Prompted by Ford's and others' previous explorations, and critically by the re-emergence of bicycle rental schemes in France (conventional and electric), PSA likewise later created a multi-use scheme to befit customer needs. Given Peugeot's broad span of vehicle offerings, it obviously preferred the idea of providing a service that would allow the customer to pick and choose from its range of bicycles, scooters, cars and vans.

Instead of offering an overly complex hi-concept idea (such as changeable bodies) it simply sought to adopt and adapt the conventional car rental scheme, by exploiting its full range of vehicles The scheme named 'Mu' has been rolled out across France, Germany, the UK and elsewhere and seek to not only attract new part-time users to PSA, so allowing them familiarise themselves with the brand, but add another new service offering to present owners.

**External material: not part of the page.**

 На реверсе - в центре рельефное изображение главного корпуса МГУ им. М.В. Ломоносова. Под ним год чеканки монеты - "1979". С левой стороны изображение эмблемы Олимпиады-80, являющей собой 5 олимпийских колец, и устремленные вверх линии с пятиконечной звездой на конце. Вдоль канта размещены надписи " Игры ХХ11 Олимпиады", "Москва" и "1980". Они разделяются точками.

[NB The business model of individually moving all these vehicles to requisite locations (dealer or otherwise) is obviously costly to PSA, no doubt in part to provide alternative work to ex-admin or ex-factory staff, very much on the social agenda given France's present need to reform national labour structures].

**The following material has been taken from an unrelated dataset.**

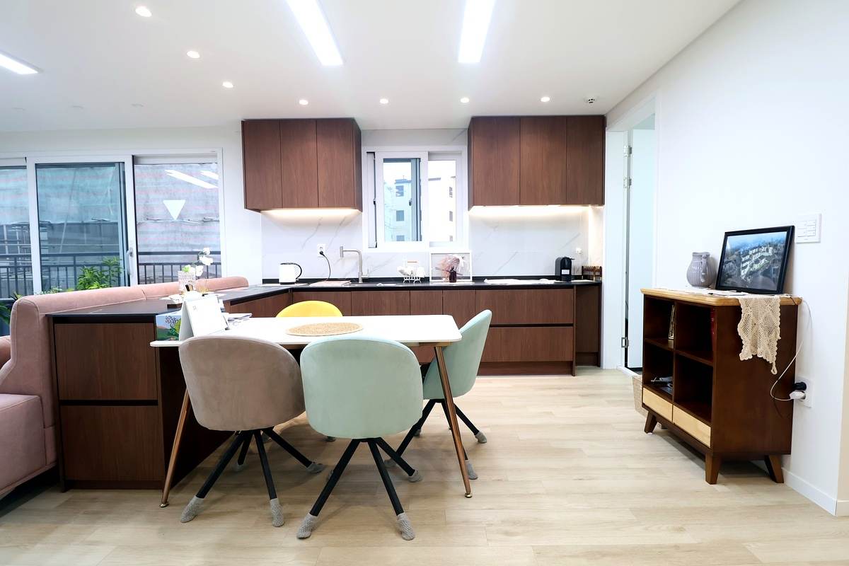 주방은 주부님들이 가장 선호하시는 ㄱ자형 구조로 설계되어 동선이 참 효율적이었어요.

This cost partially off-set by the ability of customers to include the rental of necessary additional items; from info-tainment devices to roof-racks, roof-boxes, bicycles, bicycle racks, dog-guards etc.

Thus whilst the fortunate yesteryear Japanese 'Salarymen' of the mid 1990s could buy and totally “fit-out” their Toyota, Honda or Nissan for leisure pursuits, the European 'Freelancer' of tomorrow will be increasingly likely to undertake his everyday and leisure mobility requirements on a 'pay as you go' or 'contract-hire' basis.

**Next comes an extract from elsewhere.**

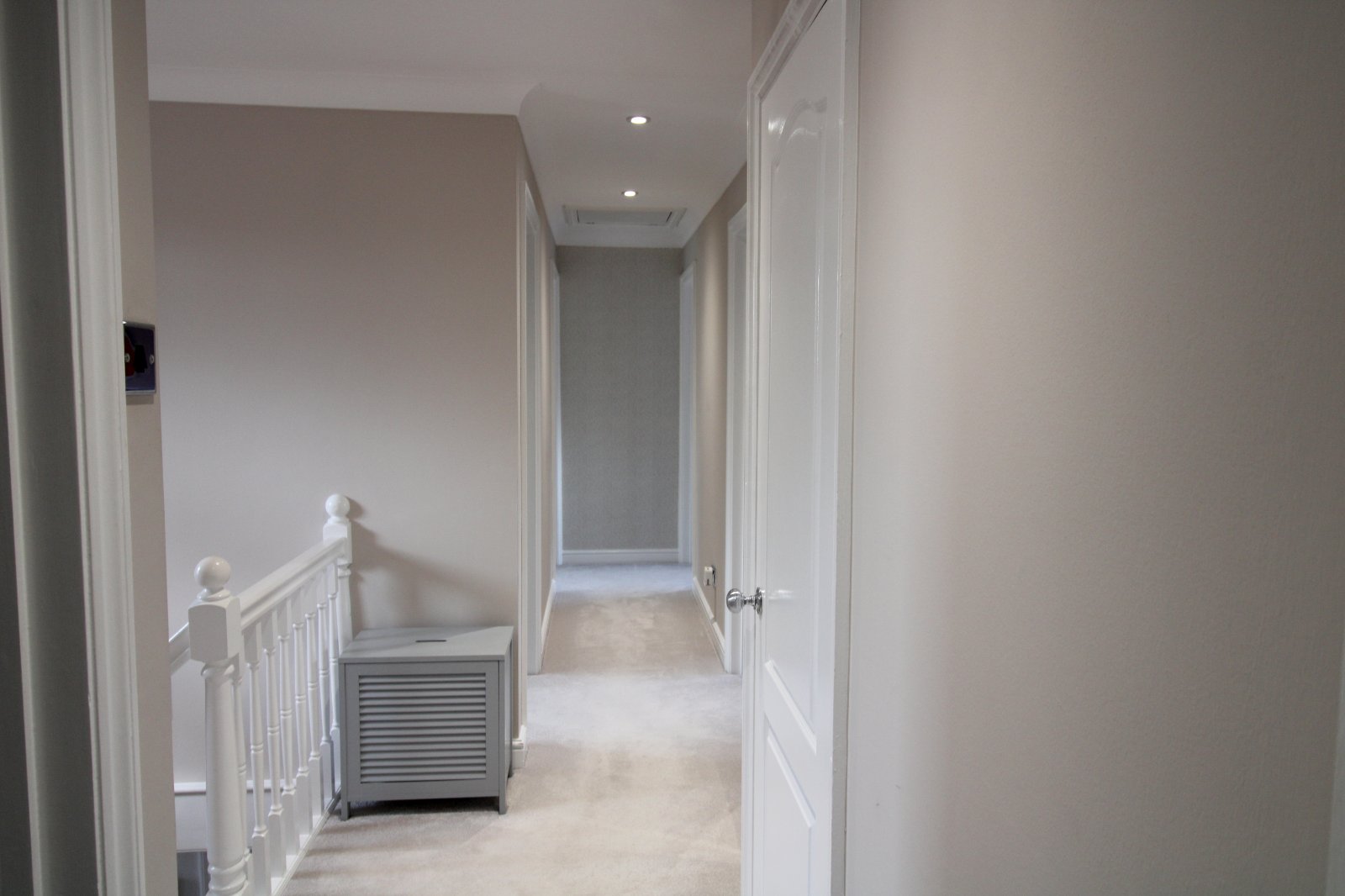 Upstairs are five well-proportioned bedrooms, three with fitted wardrobes, alongside a modern family bathroom with Porcelanosa tiling and an additional shower room.

This new era of course initiated by the consumer patterns laid out by the telecoms sector; which itself has already massively influenced the feature content of vehicles and so cyber-space connections and increasing introduction of augmented reality (eg 'HUD') so creating a widening virtual demand loop for personal mobility options.

After a century of 'Sales and Service(s)',  the former – in terms of innate financial value – has already been surpassed by the latter thanks to manufacturers becoming wholesale buyers of credit from the financial markets, and so becoming credit providers.  

Moreover, the newer world of finance agreements and cyber-services will further diminish the historical idea of 'Point of Sale', with Usage rather than Product per se set to become centre-stage in the following decades.

Twenty-five years after Ford's tentative beginnings with the future-planning of 'Indego', a combination of Peugeot's 'Mu' with a raft of vehicles available, and the crop of VM buy-ins into new App based hailing and ride-sharing mobility companies, at last demonstrates the world of tomorrow.

Even if given the comparatively enormous size and value of today's conventional auto-market means that this trend is presently only a glimmer on the near horizon.

In the meantime however, beyond the Sales and Services scenario planning and tentative experimentation, the prime ambition of automakers is to expand the profit margins of the product, retail financing, bundled packages of insurance / road tax / fuel, options and accessories...all the while critically needing to limit the value destructive uses of historically engrained sales incentives.

Whilst also seeking to substitute any sales slowdown, because of a less auto-minded younger demographic, with an increase in sales to the app-related owner-driver private hire trends.

Even though it is largely business as usual in the meantime, value-addition will only come from firstly stemming old bad habits and propelling good new habits.